> **Exercise requirements**: This exercise calls for retyping every line below exactly, with the images omitted.

> **Data block**:
---

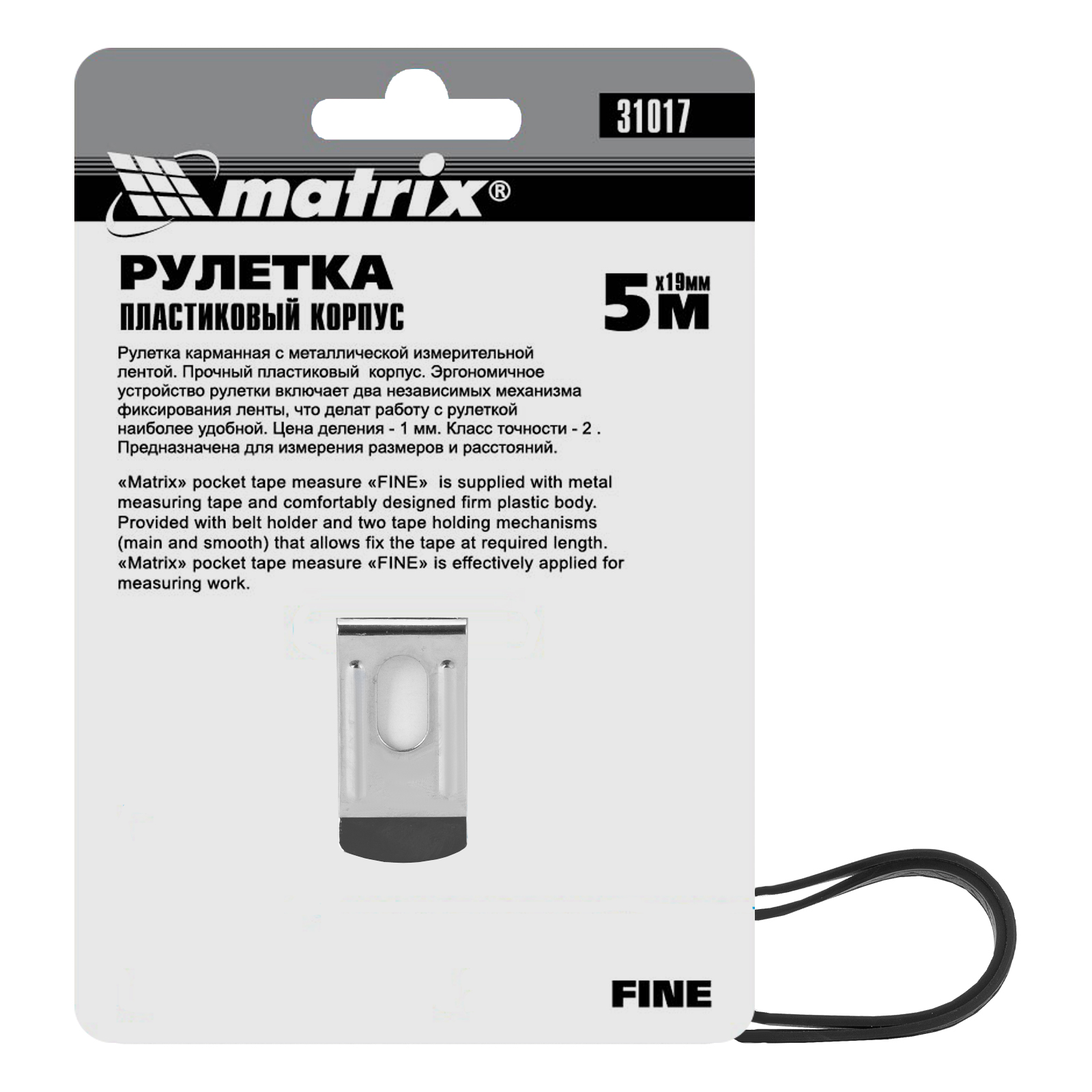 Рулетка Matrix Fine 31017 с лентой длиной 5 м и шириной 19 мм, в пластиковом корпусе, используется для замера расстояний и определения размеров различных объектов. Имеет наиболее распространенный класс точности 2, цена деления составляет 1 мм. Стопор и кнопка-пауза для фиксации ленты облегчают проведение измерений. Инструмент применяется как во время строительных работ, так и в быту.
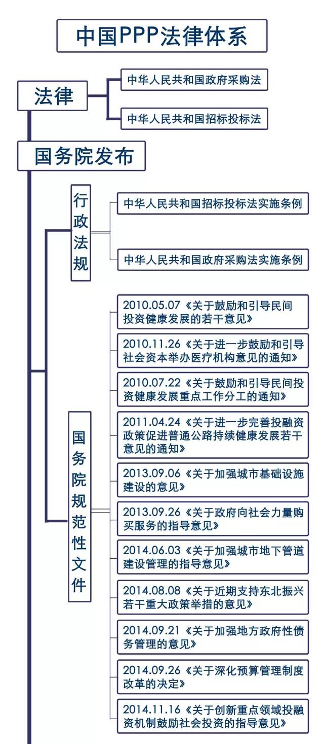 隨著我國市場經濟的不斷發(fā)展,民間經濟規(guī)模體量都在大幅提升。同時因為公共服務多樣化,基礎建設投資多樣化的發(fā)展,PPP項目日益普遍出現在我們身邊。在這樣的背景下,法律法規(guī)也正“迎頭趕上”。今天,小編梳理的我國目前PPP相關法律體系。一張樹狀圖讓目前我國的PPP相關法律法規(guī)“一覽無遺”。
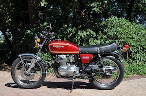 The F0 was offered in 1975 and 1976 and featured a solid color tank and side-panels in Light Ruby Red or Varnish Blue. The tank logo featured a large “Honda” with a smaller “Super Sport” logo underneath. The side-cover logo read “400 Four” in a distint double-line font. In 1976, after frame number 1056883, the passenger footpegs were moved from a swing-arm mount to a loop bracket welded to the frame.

---

> **Task solution**:
 Рулетка Matrix Fine 31017 с лентой длиной 5 м и шириной 19 мм, в пластиковом корпусе, используется для замера расстояний и определения размеров различных объектов. Имеет наиболее распространенный класс точности 2, цена деления составляет 1 мм. Стопор и кнопка-пауза для фиксации ленты облегчают проведение измерений. Инструмент применяется как во время строительных работ, так и в быту.
 隨著我國市場經濟的不斷發(fā)展,民間經濟規(guī)模體量都在大幅提升。同時因為公共服務多樣化,基礎建設投資多樣化的發(fā)展,PPP項目日益普遍出現在我們身邊。在這樣的背景下,法律法規(guī)也正“迎頭趕上”。今天,小編梳理的我國目前PPP相關法律體系。一張樹狀圖讓目前我國的PPP相關法律法規(guī)“一覽無遺”。
 The F0 was offered in 1975 and 1976 and featured a solid color tank and side-panels in Light Ruby Red or Varnish Blue. The tank logo featured a large “Honda” with a smaller “Super Sport” logo underneath. The side-cover logo read “400 Four” in a distint double-line font. In 1976, after frame number 1056883, the passenger footpegs were moved from a swing-arm mount to a loop bracket welded to the frame.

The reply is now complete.